Konkrety, konkrety i jeszcze raz konkrety

W polityce jest tak, że nie zawsze ma się rację. Nikt nie ma monopolu na mądrość oraz jedynie słuszne rozwiązania i często jest tak, że nawet historia nie jest w stanie pokazać kto miał rację.

Na szacunek powinni jednak zasługiwać ci politycy, którzy do swojej wizji i przekonań dodają konkretne rozwiązania. Tacy co nie ograniczają się tylko do bezpłciowego teoretyzowania, a podają przykłady, wskazują drogę, przedstawiają wyliczenia i fachowe opinie. Takie było niedawne expose premiera, takie też było wystąpienie Radosława Sikorskiego wygłoszone w Niemieckim Towarzystwie Polityki Zagranicznej.

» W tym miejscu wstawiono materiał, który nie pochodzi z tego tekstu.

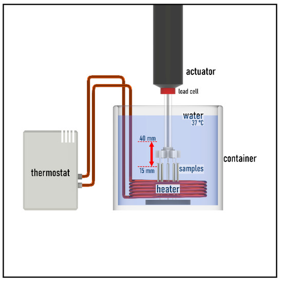 The chamber was added to a Zwick/Roell e/m actuator (ZwickRoell, Ulm, Germany). A 5 kN load cell was placed on the testing machine, which was calibrated with a PCE-BS 3000 laboratory scale (PCE Holding GmbH, Hamburg, Germany) before the test. The sample holder of the chamber was designed to keep measuring five ligatures at once, which resulted in more efficient use and faster measurements (Figure 2). The test lasted for 24 h and during this time the holder stretched the ligatures between 15 mm and 40 mm with sinusoidal movement on 0.1 Hz frequency.
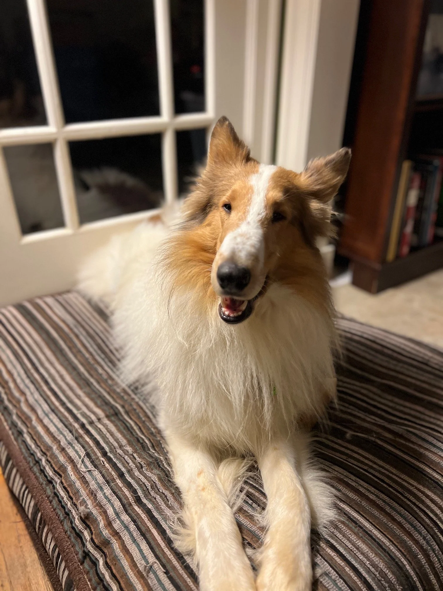 Ilo is one of 4 collies WCCR has rescued from a hoarding situation in Nevada. He is a super sweet, affectionate collie who has made amazing progress over less than 2 weeks. He is in very good hands with his foster folks, who have gradually introduced him to new sights, sounds and experiences. He has been respectful of the 2 cats in this home (with proper guidance and gradual introductions). A gentle soul, he loves to learn and spend time with his people.
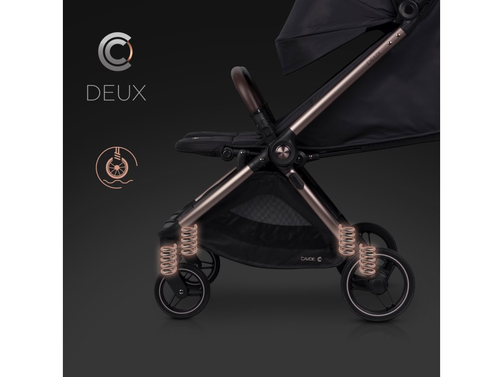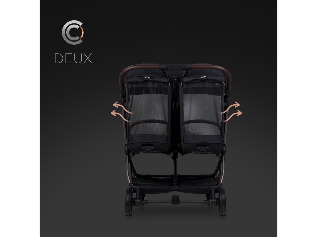 CAVOE DEUX je dokonalá voľba pre rodičov dvojčiat alebo dvoch detí v krátkom veku za sebou, ktorí hľadajú prémiový, praktický a štýlový kočík s revolučným systémom skladania. Investícia do kvality, ktorá vám uľahčí každodenný život.

Niestety przemówienie spotkało się z silną krytyką ze strony części polskiej opozycji. Solidarna Polska oraz Prawo i Sprawiedliwość rywalizując o tytuł prawdziwej i jedynej opozycji, licytując się między sobą, która w sposób bardziej wyrazisty strzeże polskiej niepodległości, zgodnie zaatakowały polskiego ministra. Joachim Brudziński stwierdził nawet, że „z wystąpienia Radka Sikorskiego dowiedzieliśmy się, że gwarantem polskiego bezpieczeństwa jest powrót do IV Rzeszy, do hegemonii Berlina i Niemiec”. Trudno o większą bzdurę … ale czego można spodziewać się po przedstawicielach PiS, pewnie nawet nie czytali tekstu przemówienia ministra. Coś tam usłyszeli i teraz coś tam plotą.

Jakie były wygłoszone postulaty przedstawiciela polskiego rządu?

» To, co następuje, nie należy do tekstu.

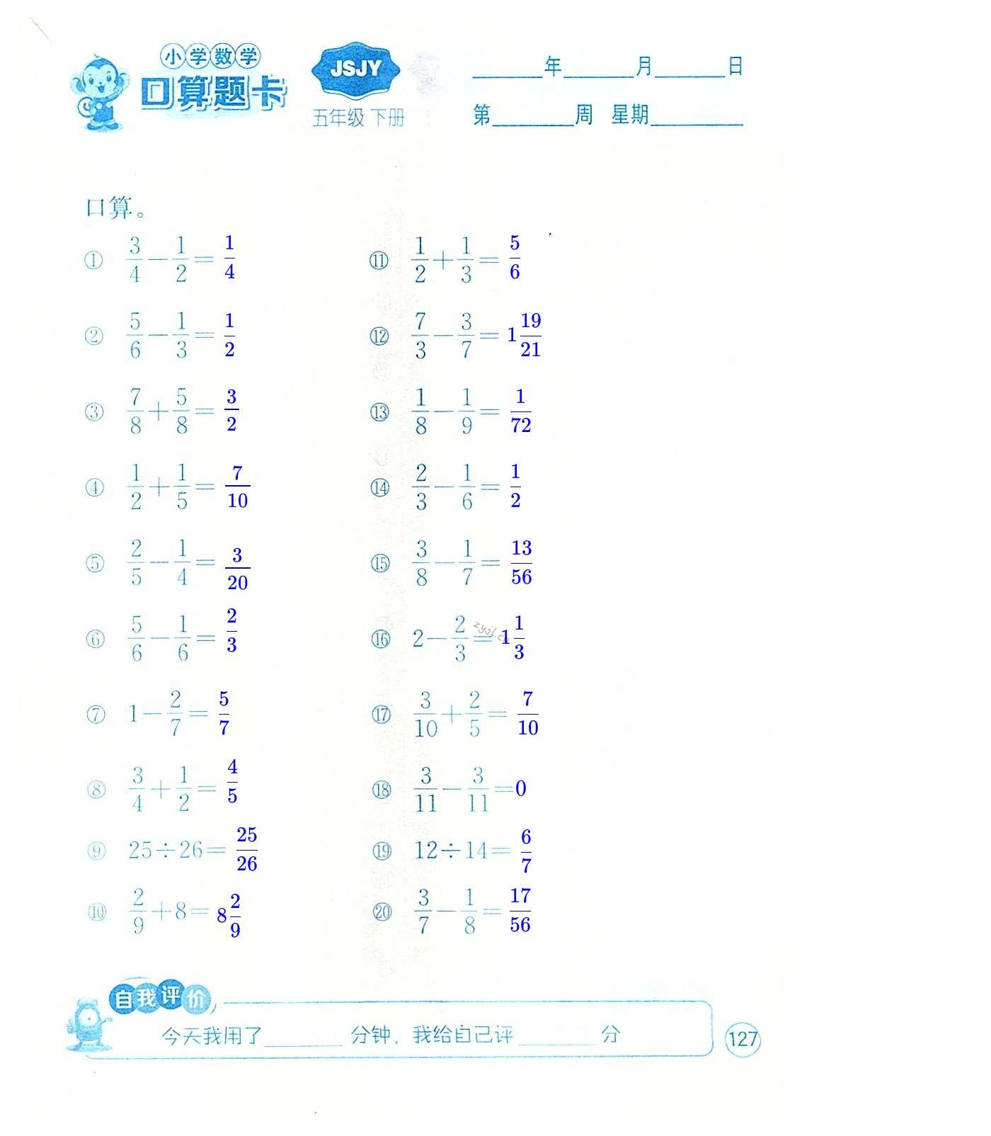 2022年小学数学口算题卡五年级下册苏教版江苏人民出版社

Europejski interes gospodarczy zwalczać miałaby zmniejszona ponad dwukrotnie, ale wzmocniona nowymi uprawnieniami Komisja Europejska. Miałaby być ona instytucją weryfikującą, czy plany budżetów lub reform w poszczególnych państwach członkowskich są realistyczne oraz czy nie stwarzają zagrożenia dla gospodarki unijnej. Nieprzestrzeganie dyscypliny miałoby skutkować sankcjami, zaś budżety krajów o nadmiernym deficycie nie mogłyby zostać wprowadzone w życie bez akceptacji Komisji. Komisja Europejska uzyskałaby również możliwość ingerencji w tych państwach, które byłyby niezdolne do udźwignięcia swoich długów, zaś państwa „uporczywie łamiące zasady” ryzykowałyby nawet zawieszenie w swoich prawach głosu. Sikorski mówił też o zreformowaniu systemu wyborczego do europarlamentu, dzięki któremu część parlamentarzystów wybierana byłaby ze wspólnej, ogólnoeuropejskiej listy.

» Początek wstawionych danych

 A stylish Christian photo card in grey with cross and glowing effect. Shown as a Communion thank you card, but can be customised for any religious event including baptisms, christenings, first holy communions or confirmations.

Zaznaczał jednocześnie, iż powinny istnieć obszary polityki poszczególnych państw, takie jak: tożsamość narodowa, religia, styl życia, moralność publiczna oraz stawki podatku dochodowego i podatku VAT, w które Bruksela nie mogłaby ingerować.

Mało konkretnie? W sposób zagrażający polskiej suwerenności? Niech każdy odpowie sobie sam.